# Script for Mutual Conversion of Stable Diffusion Checkpoint and Diffusers Model (Compatible with SD2.0)

## Introduction
While Diffusers officially provides conversion scripts for Stable Diffusion v1.x, as of 12/3, they have not yet released one compatible with 2.0. Since I have already implemented model conversion itself in my DreamBooth training script, I added code to it to create a script that performs mutual conversion.
I made it compatible with both v1.x and v2.0.

## Downloading the Script
Please download from here. The .zip contains two scripts, so place them in the same folder.

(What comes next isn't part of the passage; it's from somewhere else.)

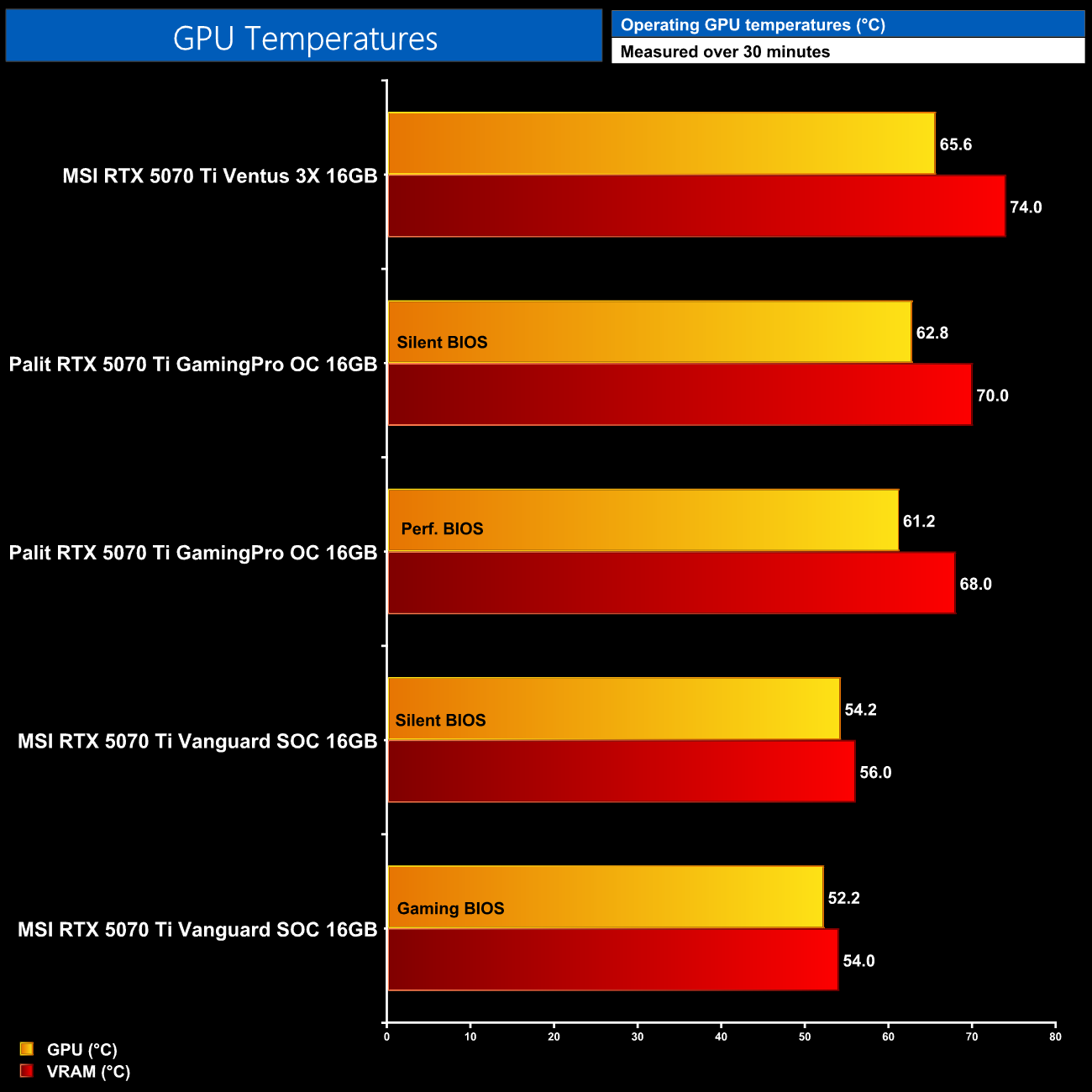 We see a much more significant improvement over the Ventus 3X when look at out of the box thermal performance. Here the Vanguard SOC delivers easily best-in-class performance, with the GPU topping out at just 52-54C, depending on the BIOS used, while VRAM temperatures remained below 60C, so that's two very impressive results.

* [12/10 (v4) update](https://note.com/api/v2/attachments/download/3778af0a4024e079d7895109991e79d9): Added support for safetensors format of Diffusers model. Requires DiffUsers 0.10.2 (works with 0.10.0 or later, but 0.10.0 seems to have issues, so use 0.10.2). Update within the virtual environment with `pip install -U diffusers[torch]==0.10.2`.

* [12/5 (v3) update](https://note.com/api/v2/attachments/download/82e3c2b9013c8b9b11cfc1b4e8a67c2d): Made a tentative fix as there were reports of errors when saving in safetensors format for some models. If you get an error with v2, please try v3 (other specifications are the same). I will delete v2 once I have thoroughly tested it.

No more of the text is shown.